DATA EXTRACT below:

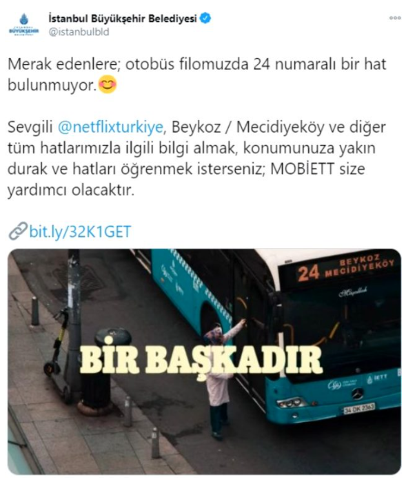 Dizide bir karakterin 24 numaralı Beykoz otobüsüne binmesine kafayı takan İBB'nin resmi sosyal medya hesabından yapılan açıklamada "Merak edenlere; otobüs filomuzda 24 numaralı bir hat bulunmuyor. Sevgili @netflixturkiye, Beykoz/ Mecidiyeköy ve diğer tüm hatlarımızla ilgili bilgi almak, konumunuza yakın durak ve hatları öğrenmek isterseniz; MOBİETT size yardımcı olacaktır" ifadelerini yer verildi.
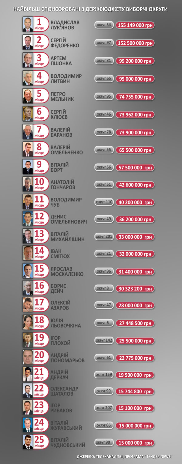 ТОП-25 найбільш спонсорованих з держбюджету округів
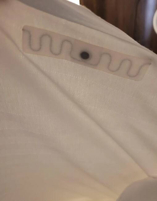 RFID-метка для белья. Используются для отслеживания того, какое белье находится в каких номерах, когда и как часто его стирают, а также для предотвращения краж.

End of DATA EXTRACT.

◆ PROBLEM STATEMENT ◆
Take every line of the material and copy it exactly, leaving out the pictures.

◆ SOLUTION TO THIS EXERCISE ◆
 Dizide bir karakterin 24 numaralı Beykoz otobüsüne binmesine kafayı takan İBB'nin resmi sosyal medya hesabından yapılan açıklamada "Merak edenlere; otobüs filomuzda 24 numaralı bir hat bulunmuyor. Sevgili @netflixturkiye, Beykoz/ Mecidiyeköy ve diğer tüm hatlarımızla ilgili bilgi almak, konumunuza yakın durak ve hatları öğrenmek isterseniz; MOBİETT size yardımcı olacaktır" ifadelerini yer verildi.
 ТОП-25 найбільш спонсорованих з держбюджету округів
 RFID-метка для белья. Используются для отслеживания того, какое белье находится в каких номерах, когда и как часто его стирают, а также для предотвращения краж.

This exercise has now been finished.